Dead animals found while cycling might get more responses.

There are some minor roads around my caravan in the Yorkshire Dales which have many squashed carcasses on them.

Rabbits and game birds (reared on a shooting estate nearby) are the most common victims.


----------



## Siclo (2 Apr 2019)

Dogtrousers said:


> Last year or maybe year before I found a DB slap in the middle of a narrow lane at about 6:30-7:00am. Can't have been there long because it wasn't squashed and vehicles couldn't get round it. I stopped, and shoved it to the side of the road with my foot. As I was doing this I had a Poirot moment - _it wasn't freshly dead_. It was quite horrible and mouldy. *It must have been dumped there by a farmer*.



My bold - it's very common.

I used to work at the same Defra site that did the initial trial for the badger culling. One of the jobs that the badger team had was to go out and collect 'roadkill' badgers for post-mortem, I can't remember the exact numbers but far and away the vast majority had either been shot or poisoned and dumped in the road to try and hide the cause of death.


----------



## Gravity Aided (2 Apr 2019)

The State of Illinois moved some turkey vultures from Southern Illinois to these parts to clean up the roads. They seem to do a good job, still see the carcass truck, just not so often. Gigantic birds, the turkey vulture. Six foot wingspan. Ugly birds, beautiful flyers. Some live at the insurance company, which I suppose they see as cliff-like. Birds that size probably make short work of a badger.


----------



## areyouactuallymoving (2 Apr 2019)

Do your bit for science and record the road kill to Project Splatter https://projectsplatter.co.uk/what-does-project-splatter-do/collect/

"We are a team of reseachers based at Cardiff University. With help from the public, we collects data on animals killed by motor vehicles on roads in the UK. We analyse the submitted roadkill observations to determine the impact of roads on UK wildlife and to identify hotspots.
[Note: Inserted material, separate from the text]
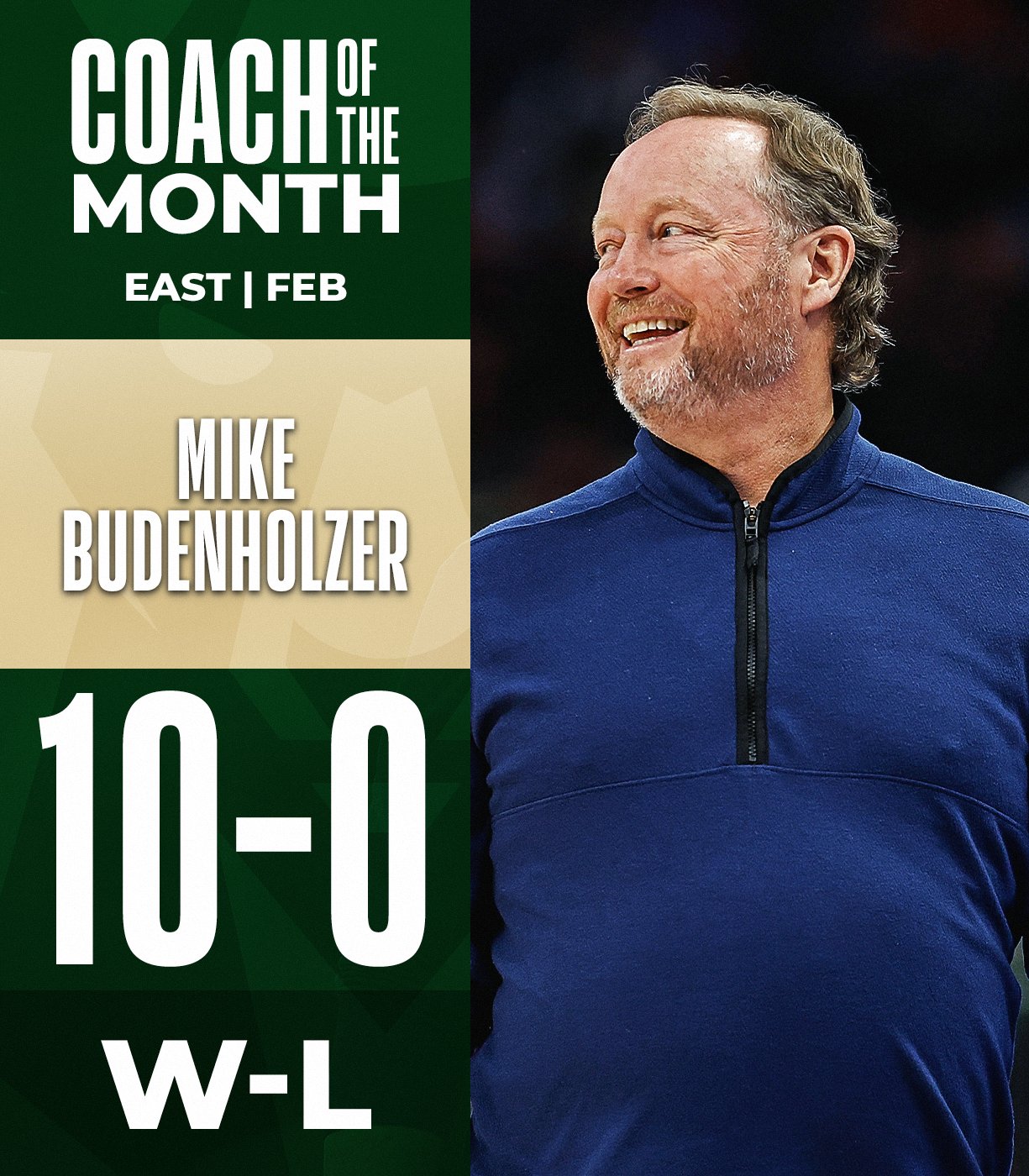 此為布登霍爾澤執教生涯第7次獲月最佳教練,為雄鹿隊主帥第5次。二月份,他率雄鹿拿10勝0負完美戰績,這是隊史第4次單月不敗紀錄,也是第二次10+場次不敗紀錄。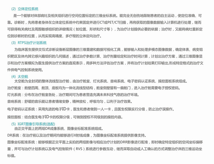 (7)应用IGRT图像引导功能实现治疗过程的校验、调整及质量控制;(8)引入全封闭流线型“太空舱”新理念,让患者的治疗在安静舒适的“太空舱”环境中体验完成。

We provide regular updates on what we have learned on social media, on our website and in scientific publications."

I am not, I hasten to add, part of the team that works on Project Splatter.


----------



## Gravity Aided (2 Apr 2019)

Sounds like a noble effort, and provide valuable data for conservation purposes.


----------



## Dogtrousers (2 Apr 2019)

mudsticks said:


> Hear this 'clandestine dumping' of badgers on the road by farmers thing quite often.
> 
> But think about it, why would we do that, when we have acres of space to do it privately, if we were so minded.
> 
> ...


This did cross my mind while I was moving it and having my Poirot moment.

Poirot: Regardez, 'Astings. This badger is not freshly dead.
Hastings: But dash it all, Poirot, how did a mouldy dead badger get into the middle of the road? Surely no one would store it until it was ripe, and then dump it here? Why not bury it in a field?
Poirot: Patience, mon ami. Poirot will reveal all ...
Hastings: Look out Poirot, mind where you tread, don't step in ...
Poirot: Zut! Ze leetle grey cells. All over my shoes.


----------



## Globalti (2 Apr 2019)

Interesting. My examination of the dead badger told me two things:

1 - It had had its throat torn out - possibly killed by a dog?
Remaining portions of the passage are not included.